Validates that a query has a root where predicate referencing configured keys.

This is useful for tenant boundaries where every query should include a predicate for fields such as :organization_id or :user_id.

Examples

Bad:

from(Post, as: :post)
|> where([post: p], p.status == ^:published)

Why this is bad:

If :organization_id is configured as mandatory, this query has no visible tenant boundary in the root where clause. It can read rows across organizations.

Better:

from(Post, as: :post)
|> where([post: p], p.organization_id == ^organization_id)
|> where([post: p], p.status == ^:published)

Why this is better:

The configured field appears in a supported root predicate, so the query is explicitly scoped to one organization.

Notes

This check accepts supported direct root == and in predicates. It does not prove tenant safety when keys are hidden inside fragments or field-to-field comparisons.

The check is static. It accepts configured root fields directly in == and in predicates inside where expressions, but it cannot prove fields hidden inside raw SQL fragments. Combination queries such as union, union_all, except, and intersect validate the parent query and every combination branch independently.

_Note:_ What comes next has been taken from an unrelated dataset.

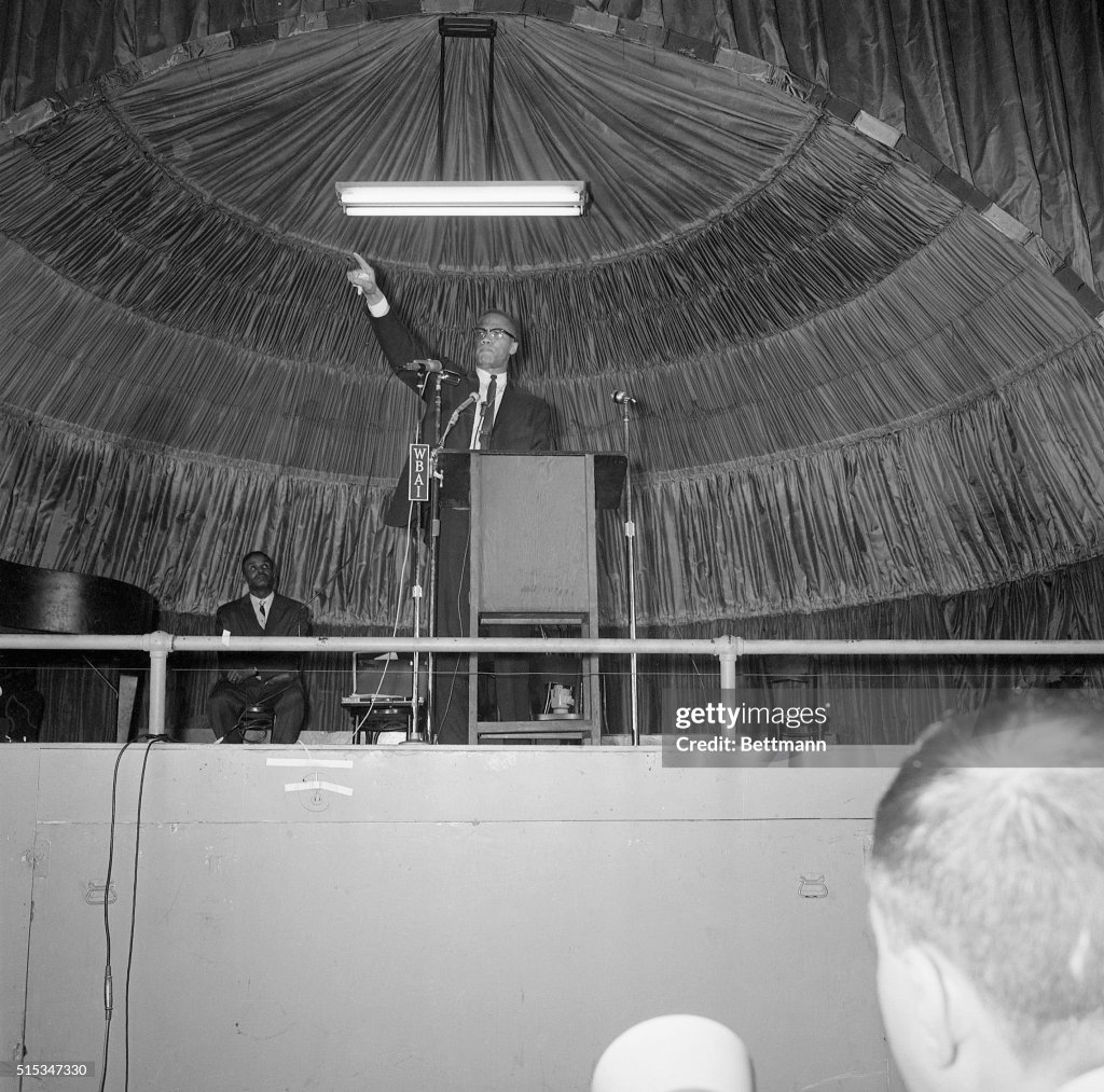 To win control politically and economically of their own communities, Malcolm X urged “22 million so‐called Negroes” to join any Black Nationalist organization or any organization practicing that philosophy. By May or June, he said, the movement could hold a national convention here — “if they won’t let us have Madison Square Garden, maybe we can have it in Times Square.” Then, he went on, amid applause, “if it’s necessary to form a Black Nationalist party — or a Black Nationalist army — we’ll form it.” Another tactic he proposed was to “internationalize” the civil rights problem here to a human rights issue, which would allow it to be taken to the United Nations. In the world organization, he said, American Blacks would have friends in African nations and “800 million Chinese.”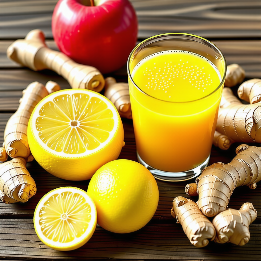재료: 생강 약 20-30g (껍질을 벗긴 상태) 레몬 1개 꿀 또는 아가베 시럽 (선택 사항) 물 약간

When the root query uses an Ecto schema, the configured fields are first narrowed to fields that exist on that schema. If none of the configured fields exist, the check is not applicable and returns :ok. Schema-less sources are still validated because there is no schema reflection signal.

Options

• :validate - explicit false disables this check. It can be used in the repo-wide check list or in call-site overrides passed to Bylaw.Ecto.Query.validate/4.
• :rules - required rule keyword list or non-empty list of rule keyword lists. A single-rule shorthand such as rules: [fields: [:organization_id]] is normalized to one rule.
• :fields - required non-empty list of root field names inside each rule.
• :match - :any or :all inside each rule. Defaults to :any.
• :where and :except - optional rule matchers for scoping rules. Matchers use plural keys with list values, such as ecto_schemas: [Post], tables: ["posts"], db_schemas: ["tenant_a"], and operations: [:all].

This check requires :fields, so bare-module configuration is not valid.

Run globally:

{Bylaw.Ecto.Query.Checks.MandatoryWhereKeys,
 rules: [fields: [:organization_id]]}

Run only for matching rule scopes:

{Bylaw.Ecto.Query.Checks.MandatoryWhereKeys,
 rules: [
   [where: [ecto_schemas: [Post]], fields: [:organization_id]],
   [where: [tables: ["comments"]], fields: [:organization_id]]
 ]}

Require all configured fields instead of any one field:

{Bylaw.Ecto.Query.Checks.MandatoryWhereKeys,
 rules: [fields: [:organization_id, :user_id], match: :all]}

Usage

Add this module to the explicit check list passed through Bylaw.Ecto.Query. See Bylaw.Ecto.Query for the full Ecto.Repo.prepare_query/3 setup.